----- Data provided -----

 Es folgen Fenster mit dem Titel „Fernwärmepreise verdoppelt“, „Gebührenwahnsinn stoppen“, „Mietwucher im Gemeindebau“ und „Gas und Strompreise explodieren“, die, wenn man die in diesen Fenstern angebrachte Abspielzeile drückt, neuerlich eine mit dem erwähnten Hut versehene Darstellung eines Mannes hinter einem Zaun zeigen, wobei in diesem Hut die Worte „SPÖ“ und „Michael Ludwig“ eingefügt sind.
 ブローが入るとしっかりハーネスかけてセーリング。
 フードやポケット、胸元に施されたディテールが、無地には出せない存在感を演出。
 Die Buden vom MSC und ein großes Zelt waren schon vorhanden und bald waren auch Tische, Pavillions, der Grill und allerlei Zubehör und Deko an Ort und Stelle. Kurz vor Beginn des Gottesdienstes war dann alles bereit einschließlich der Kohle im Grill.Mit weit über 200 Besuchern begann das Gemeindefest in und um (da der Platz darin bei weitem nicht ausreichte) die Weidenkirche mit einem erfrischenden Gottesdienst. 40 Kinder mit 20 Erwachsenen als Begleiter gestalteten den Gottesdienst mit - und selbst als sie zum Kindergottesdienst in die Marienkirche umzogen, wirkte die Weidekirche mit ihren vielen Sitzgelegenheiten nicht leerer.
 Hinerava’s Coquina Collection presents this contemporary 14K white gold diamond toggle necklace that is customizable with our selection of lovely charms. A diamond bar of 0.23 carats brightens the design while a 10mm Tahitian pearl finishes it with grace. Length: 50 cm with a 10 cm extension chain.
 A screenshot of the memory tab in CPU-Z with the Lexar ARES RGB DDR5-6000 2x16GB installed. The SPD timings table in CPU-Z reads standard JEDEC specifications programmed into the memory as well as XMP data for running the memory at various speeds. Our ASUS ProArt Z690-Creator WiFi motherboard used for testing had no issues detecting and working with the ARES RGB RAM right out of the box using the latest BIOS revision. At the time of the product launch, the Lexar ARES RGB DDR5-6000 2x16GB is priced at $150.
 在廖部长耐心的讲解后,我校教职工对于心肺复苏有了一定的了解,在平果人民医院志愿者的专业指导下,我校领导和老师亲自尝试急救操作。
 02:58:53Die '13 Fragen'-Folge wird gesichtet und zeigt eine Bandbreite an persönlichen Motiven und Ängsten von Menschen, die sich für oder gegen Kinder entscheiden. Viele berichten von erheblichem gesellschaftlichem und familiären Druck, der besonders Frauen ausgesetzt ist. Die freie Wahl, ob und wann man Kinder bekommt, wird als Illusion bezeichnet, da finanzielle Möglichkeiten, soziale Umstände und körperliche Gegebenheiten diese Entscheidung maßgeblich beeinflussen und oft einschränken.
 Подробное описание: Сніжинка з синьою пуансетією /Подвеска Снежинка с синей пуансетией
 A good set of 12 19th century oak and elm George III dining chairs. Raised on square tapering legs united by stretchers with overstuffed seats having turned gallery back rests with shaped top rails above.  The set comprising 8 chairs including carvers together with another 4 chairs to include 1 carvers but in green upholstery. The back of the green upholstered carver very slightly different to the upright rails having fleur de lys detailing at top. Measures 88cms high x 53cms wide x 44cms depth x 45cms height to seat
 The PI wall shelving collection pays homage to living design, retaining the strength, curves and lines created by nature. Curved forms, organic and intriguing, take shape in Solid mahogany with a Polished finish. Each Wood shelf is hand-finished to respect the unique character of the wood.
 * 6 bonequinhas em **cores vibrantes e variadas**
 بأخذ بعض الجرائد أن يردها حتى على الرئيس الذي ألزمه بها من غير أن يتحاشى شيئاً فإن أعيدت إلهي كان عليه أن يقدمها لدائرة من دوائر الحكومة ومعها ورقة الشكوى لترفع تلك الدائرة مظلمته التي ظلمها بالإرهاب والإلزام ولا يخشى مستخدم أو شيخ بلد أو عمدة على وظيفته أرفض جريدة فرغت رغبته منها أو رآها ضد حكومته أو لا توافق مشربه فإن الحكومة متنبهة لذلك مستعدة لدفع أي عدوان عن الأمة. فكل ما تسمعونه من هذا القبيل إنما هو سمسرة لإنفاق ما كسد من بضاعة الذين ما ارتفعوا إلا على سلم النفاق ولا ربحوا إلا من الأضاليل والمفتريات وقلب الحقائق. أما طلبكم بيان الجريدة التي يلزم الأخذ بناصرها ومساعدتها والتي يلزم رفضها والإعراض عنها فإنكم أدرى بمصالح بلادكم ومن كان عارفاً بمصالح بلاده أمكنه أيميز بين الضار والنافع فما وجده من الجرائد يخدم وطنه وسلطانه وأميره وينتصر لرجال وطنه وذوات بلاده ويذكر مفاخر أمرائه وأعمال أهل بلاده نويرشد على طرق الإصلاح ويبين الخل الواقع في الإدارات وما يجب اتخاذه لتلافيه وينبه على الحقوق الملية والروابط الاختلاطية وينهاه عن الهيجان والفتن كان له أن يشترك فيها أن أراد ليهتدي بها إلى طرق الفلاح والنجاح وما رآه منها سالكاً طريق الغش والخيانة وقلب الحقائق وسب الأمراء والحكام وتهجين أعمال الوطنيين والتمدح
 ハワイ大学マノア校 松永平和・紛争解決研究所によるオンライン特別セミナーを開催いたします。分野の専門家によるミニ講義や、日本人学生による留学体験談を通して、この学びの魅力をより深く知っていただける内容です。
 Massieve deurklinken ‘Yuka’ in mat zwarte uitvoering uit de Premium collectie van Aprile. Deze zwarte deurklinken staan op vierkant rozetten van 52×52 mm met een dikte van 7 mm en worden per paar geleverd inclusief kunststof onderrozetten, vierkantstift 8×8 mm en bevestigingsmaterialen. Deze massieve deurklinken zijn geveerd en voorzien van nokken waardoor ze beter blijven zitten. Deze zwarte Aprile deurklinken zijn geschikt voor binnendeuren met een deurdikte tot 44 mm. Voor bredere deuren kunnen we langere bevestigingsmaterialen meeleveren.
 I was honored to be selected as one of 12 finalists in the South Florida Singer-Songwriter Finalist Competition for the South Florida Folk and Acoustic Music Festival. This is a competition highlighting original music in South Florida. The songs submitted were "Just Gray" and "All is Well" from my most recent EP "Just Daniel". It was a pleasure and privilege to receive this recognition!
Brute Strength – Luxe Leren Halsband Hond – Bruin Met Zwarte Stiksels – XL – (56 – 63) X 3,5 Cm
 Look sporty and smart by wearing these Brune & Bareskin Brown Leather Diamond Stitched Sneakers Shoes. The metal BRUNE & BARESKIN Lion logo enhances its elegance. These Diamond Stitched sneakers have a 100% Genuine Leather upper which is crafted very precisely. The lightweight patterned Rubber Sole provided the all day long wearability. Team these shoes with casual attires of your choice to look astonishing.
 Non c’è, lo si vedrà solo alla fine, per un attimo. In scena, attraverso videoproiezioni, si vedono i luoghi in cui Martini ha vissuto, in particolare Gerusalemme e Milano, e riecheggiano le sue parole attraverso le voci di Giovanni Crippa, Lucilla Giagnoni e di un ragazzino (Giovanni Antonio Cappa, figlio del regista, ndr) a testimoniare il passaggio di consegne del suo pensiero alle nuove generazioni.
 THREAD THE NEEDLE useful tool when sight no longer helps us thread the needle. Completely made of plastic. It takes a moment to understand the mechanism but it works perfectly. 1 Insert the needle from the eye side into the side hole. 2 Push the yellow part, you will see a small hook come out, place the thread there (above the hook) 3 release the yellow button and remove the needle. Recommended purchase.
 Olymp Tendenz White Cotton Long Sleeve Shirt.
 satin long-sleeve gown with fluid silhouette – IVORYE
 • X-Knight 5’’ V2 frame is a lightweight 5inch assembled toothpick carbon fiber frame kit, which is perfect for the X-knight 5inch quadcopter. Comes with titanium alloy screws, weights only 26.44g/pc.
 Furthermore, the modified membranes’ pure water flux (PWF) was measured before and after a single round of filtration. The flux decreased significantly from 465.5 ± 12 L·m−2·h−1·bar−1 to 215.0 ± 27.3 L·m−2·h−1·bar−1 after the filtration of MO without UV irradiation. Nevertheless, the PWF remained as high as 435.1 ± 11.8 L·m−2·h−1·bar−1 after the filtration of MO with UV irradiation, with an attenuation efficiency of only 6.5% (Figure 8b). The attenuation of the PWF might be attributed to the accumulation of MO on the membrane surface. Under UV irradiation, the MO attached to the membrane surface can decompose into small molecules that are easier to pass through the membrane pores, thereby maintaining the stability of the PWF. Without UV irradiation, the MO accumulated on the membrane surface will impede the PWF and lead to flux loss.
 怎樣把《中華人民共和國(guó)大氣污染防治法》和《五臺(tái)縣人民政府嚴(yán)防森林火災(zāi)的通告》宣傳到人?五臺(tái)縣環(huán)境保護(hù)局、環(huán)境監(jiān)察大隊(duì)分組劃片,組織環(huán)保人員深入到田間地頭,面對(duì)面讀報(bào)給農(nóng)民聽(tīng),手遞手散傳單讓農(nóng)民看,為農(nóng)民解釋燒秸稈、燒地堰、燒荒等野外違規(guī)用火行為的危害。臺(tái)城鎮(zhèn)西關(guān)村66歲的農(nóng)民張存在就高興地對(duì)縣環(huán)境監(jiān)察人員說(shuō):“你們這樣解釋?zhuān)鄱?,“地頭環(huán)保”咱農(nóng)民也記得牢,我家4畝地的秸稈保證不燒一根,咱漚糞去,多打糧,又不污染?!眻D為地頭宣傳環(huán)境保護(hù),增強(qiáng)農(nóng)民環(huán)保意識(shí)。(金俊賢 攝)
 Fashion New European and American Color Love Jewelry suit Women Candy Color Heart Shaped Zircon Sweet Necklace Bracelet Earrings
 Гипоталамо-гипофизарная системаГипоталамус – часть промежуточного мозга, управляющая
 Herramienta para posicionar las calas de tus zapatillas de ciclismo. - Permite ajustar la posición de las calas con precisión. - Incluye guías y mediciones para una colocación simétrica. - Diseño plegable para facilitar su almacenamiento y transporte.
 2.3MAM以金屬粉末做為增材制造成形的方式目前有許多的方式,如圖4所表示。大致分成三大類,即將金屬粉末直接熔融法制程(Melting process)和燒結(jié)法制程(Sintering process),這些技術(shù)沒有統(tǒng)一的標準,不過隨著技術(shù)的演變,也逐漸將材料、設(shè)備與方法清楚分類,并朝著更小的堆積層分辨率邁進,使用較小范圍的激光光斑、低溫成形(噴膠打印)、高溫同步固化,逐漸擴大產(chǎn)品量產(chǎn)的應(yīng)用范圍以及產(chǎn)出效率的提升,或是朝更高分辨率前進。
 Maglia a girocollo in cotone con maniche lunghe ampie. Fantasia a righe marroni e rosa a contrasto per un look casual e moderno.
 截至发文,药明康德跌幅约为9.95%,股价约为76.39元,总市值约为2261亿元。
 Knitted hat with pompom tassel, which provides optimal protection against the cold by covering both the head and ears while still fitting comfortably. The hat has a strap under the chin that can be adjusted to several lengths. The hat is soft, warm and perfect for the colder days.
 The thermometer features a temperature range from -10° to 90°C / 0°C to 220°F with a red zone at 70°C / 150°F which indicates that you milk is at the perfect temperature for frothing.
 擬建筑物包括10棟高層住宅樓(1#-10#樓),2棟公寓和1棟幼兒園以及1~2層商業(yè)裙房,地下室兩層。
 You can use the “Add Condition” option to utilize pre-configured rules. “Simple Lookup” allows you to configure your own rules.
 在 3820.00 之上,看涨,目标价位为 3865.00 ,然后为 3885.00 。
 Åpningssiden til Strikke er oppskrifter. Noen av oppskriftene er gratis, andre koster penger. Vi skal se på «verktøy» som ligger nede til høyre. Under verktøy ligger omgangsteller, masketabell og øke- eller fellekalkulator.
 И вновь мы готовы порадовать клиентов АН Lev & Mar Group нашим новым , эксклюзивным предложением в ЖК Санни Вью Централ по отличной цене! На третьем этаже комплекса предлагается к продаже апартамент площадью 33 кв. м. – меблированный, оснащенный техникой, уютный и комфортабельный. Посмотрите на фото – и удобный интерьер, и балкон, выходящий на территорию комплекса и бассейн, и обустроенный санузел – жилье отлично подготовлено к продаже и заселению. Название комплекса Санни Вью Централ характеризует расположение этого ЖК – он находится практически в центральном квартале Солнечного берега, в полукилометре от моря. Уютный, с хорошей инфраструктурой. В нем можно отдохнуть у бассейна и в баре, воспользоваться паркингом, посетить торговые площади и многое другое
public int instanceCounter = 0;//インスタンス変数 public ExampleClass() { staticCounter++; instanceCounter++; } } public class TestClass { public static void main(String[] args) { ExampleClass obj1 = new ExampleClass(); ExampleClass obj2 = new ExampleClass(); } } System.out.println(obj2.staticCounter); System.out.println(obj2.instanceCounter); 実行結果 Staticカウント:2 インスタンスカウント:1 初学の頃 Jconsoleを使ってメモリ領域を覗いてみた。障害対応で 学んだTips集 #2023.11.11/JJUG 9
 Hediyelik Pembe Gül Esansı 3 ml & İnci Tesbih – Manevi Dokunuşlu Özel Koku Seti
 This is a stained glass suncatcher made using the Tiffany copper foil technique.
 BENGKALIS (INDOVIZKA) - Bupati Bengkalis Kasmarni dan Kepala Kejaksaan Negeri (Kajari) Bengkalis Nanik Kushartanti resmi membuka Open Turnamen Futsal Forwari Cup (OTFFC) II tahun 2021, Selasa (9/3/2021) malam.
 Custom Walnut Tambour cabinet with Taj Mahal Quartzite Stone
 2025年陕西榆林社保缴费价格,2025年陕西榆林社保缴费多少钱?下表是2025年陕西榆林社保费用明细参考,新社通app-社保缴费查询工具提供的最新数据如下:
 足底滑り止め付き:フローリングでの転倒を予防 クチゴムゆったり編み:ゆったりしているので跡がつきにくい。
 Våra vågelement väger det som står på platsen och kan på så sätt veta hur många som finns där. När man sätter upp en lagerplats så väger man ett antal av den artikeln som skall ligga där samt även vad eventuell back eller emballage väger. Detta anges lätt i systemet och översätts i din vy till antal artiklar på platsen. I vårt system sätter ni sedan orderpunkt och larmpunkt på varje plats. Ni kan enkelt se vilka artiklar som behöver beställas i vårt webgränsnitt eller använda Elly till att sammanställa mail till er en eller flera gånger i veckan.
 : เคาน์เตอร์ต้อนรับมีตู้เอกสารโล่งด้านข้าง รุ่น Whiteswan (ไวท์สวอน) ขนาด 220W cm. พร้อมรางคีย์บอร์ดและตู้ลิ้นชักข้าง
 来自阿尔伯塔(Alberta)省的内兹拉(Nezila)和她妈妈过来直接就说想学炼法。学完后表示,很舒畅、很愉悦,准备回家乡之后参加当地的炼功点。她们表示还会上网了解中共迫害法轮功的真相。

-----

Throughout the data above, copy all lines where the word "made" is found.

 THREAD THE NEEDLE useful tool when sight no longer helps us thread the needle. Completely made of plastic. It takes a moment to understand the mechanism but it works perfectly. 1 Insert the needle from the eye side into the side hole. 2 Push the yellow part, you will see a small hook come out, place the thread there (above the hook) 3 release the yellow button and remove the needle. Recommended purchase.
 This is a stained glass suncatcher made using the Tiffany copper foil technique.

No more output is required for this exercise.